The barren, vegetation-free hillsides in Border Field State Park created by a new 3.5-mile section of the U.S.-Mexico border fence are neither barren nor vegetation-free, the federal government claims.

In a recent letter to U.S. Rep. Susan Davis, D-San Diego, the U.S. Customs and Border Protection’s chief says the denuded hills near the Tijuana Estuary have plants growing on them.

You just can’t see them, he wrote.

Because the plants being grown on the new hillsides are native species, wrote Jayson Ahern, the agency’s acting chief, “the existing re-vegetated areas are currently dormant and brown … and, thus, difficult to see from afar.”

That does not accurately reflect what I’ve seen in the park. When I visited in mid-October, I saw a few plants growing on a single hill. Other new hills were barren, save for rows of straw bales.

It was easy to see from afar that no plants were growing. It was even easier to see up close. I stood on the hills. Plants were not growing. Federal contractors working for the U.S. Army Corps of Engineers had sprayed a wet, pulpy seed mix — called “hydroseed” — on the ground, but never irrigated.

I called Clay Phillips, superintendent of Border Field State Park, to check whether plants had suddenly grown in the last month.

“Nothing magical has happened,” he said. “There is a native plant seed mix (on the ground), but we’ve never seen any growth there.”

Ahern, the U.S. Customs and Border Protection official, wrote in his letter that “moderate revegetation has actually occurred and is progressing well.” He said the federal government purposely didn’t water the seeds it spread on the hills so it could mimic normal climatic conditions — dry summers, wet winters.
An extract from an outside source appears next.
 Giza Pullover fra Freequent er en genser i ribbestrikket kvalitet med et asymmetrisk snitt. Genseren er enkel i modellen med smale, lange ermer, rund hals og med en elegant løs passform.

I asked Bruce Hanson, a restoration ecologist for Edaw, a local consulting firm, whether that was a good idea. He said it is. Unless a full-fledged irrigation system was installed, Hanson said it’s better to wait for natural rainfall, which helps seeds germinate better. The salt content is lower in rain than in water sprayed from trucks, which the government is now using.
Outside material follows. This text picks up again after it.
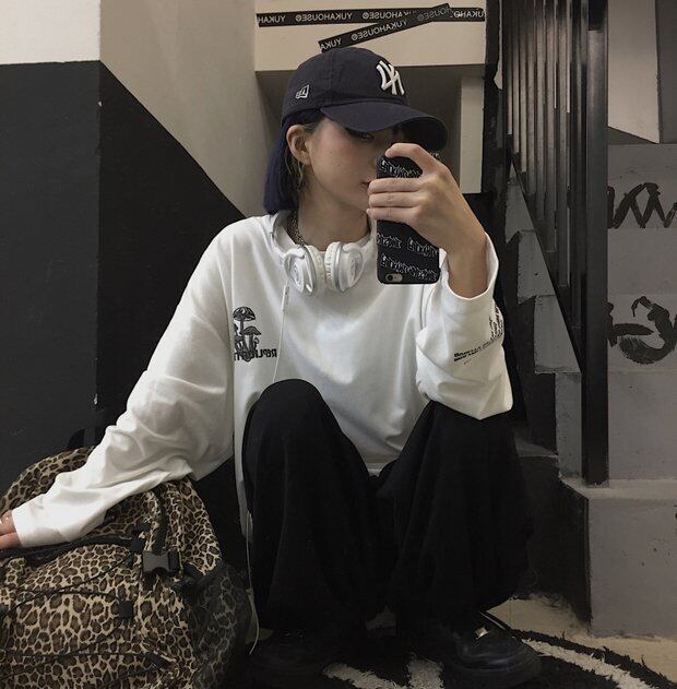 トップス レディーススプリングダークシャツ ルーズラウンドネックTシャツ ロング 春物 Oネック Brother_is_Style15411856630

But using seeds alone is “window-dressing,” Hanson said. The best way to restore degraded habitat is to use a mix of seeds and transplant already-established plants and cactus, he said.

“A lot of species” — such as the Baja birdbush, a plant whose northern range extends only to the border — “never come up from seed,” he said. Instead, generic shrubs grow, such as purple needlegrass, which is found throughout the state.

“You end up with a different plant community than what should be there,” Hanson said. “Hydroseed is not going to be representative of what was out there.”